**What you should do**
Would you copy the listing below exactly, keeping the pictures out?

**Given data**
━━━━━━━━
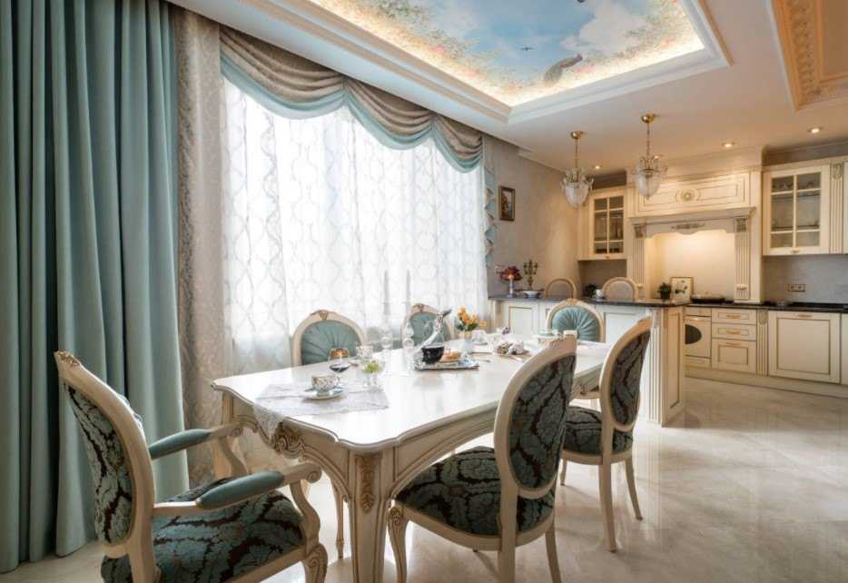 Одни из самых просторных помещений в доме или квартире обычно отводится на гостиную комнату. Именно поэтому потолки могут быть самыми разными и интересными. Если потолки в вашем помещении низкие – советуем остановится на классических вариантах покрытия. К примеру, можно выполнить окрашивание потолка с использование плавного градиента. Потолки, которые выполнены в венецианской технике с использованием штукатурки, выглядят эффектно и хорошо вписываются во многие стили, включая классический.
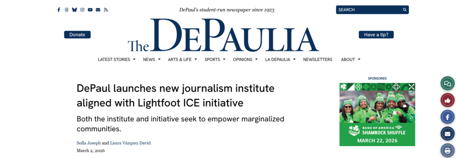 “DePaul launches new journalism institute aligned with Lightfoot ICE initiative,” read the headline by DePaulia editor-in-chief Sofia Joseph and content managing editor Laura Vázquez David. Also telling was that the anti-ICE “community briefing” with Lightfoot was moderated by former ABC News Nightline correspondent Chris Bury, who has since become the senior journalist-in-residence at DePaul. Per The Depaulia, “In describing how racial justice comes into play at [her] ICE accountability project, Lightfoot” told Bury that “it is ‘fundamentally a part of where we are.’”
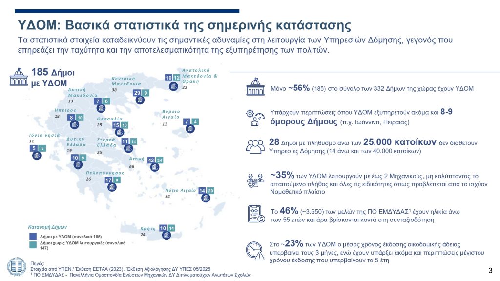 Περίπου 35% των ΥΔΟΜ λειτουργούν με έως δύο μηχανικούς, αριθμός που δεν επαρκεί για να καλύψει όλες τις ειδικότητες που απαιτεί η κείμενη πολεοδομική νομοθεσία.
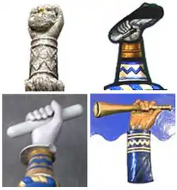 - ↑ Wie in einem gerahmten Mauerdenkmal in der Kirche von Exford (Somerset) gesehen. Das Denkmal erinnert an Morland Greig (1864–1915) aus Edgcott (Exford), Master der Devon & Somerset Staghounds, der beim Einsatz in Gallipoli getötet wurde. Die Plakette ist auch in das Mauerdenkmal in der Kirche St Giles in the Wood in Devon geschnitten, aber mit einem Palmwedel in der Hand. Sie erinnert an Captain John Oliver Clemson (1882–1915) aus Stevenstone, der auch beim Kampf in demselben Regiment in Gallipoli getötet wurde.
━━━━━━━━
**Result below**
 Одни из самых просторных помещений в доме или квартире обычно отводится на гостиную комнату. Именно поэтому потолки могут быть самыми разными и интересными. Если потолки в вашем помещении низкие – советуем остановится на классических вариантах покрытия. К примеру, можно выполнить окрашивание потолка с использование плавного градиента. Потолки, которые выполнены в венецианской технике с использованием штукатурки, выглядят эффектно и хорошо вписываются во многие стили, включая классический.
 “DePaul launches new journalism institute aligned with Lightfoot ICE initiative,” read the headline by DePaulia editor-in-chief Sofia Joseph and content managing editor Laura Vázquez David. Also telling was that the anti-ICE “community briefing” with Lightfoot was moderated by former ABC News Nightline correspondent Chris Bury, who has since become the senior journalist-in-residence at DePaul. Per The Depaulia, “In describing how racial justice comes into play at [her] ICE accountability project, Lightfoot” told Bury that “it is ‘fundamentally a part of where we are.’”
 Περίπου 35% των ΥΔΟΜ λειτουργούν με έως δύο μηχανικούς, αριθμός που δεν επαρκεί για να καλύψει όλες τις ειδικότητες που απαιτεί η κείμενη πολεοδομική νομοθεσία.
 - ↑ Wie in einem gerahmten Mauerdenkmal in der Kirche von Exford (Somerset) gesehen. Das Denkmal erinnert an Morland Greig (1864–1915) aus Edgcott (Exford), Master der Devon & Somerset Staghounds, der beim Einsatz in Gallipoli getötet wurde. Die Plakette ist auch in das Mauerdenkmal in der Kirche St Giles in the Wood in Devon geschnitten, aber mit einem Palmwedel in der Hand. Sie erinnert an Captain John Oliver Clemson (1882–1915) aus Stevenstone, der auch beim Kampf in demselben Regiment in Gallipoli getötet wurde.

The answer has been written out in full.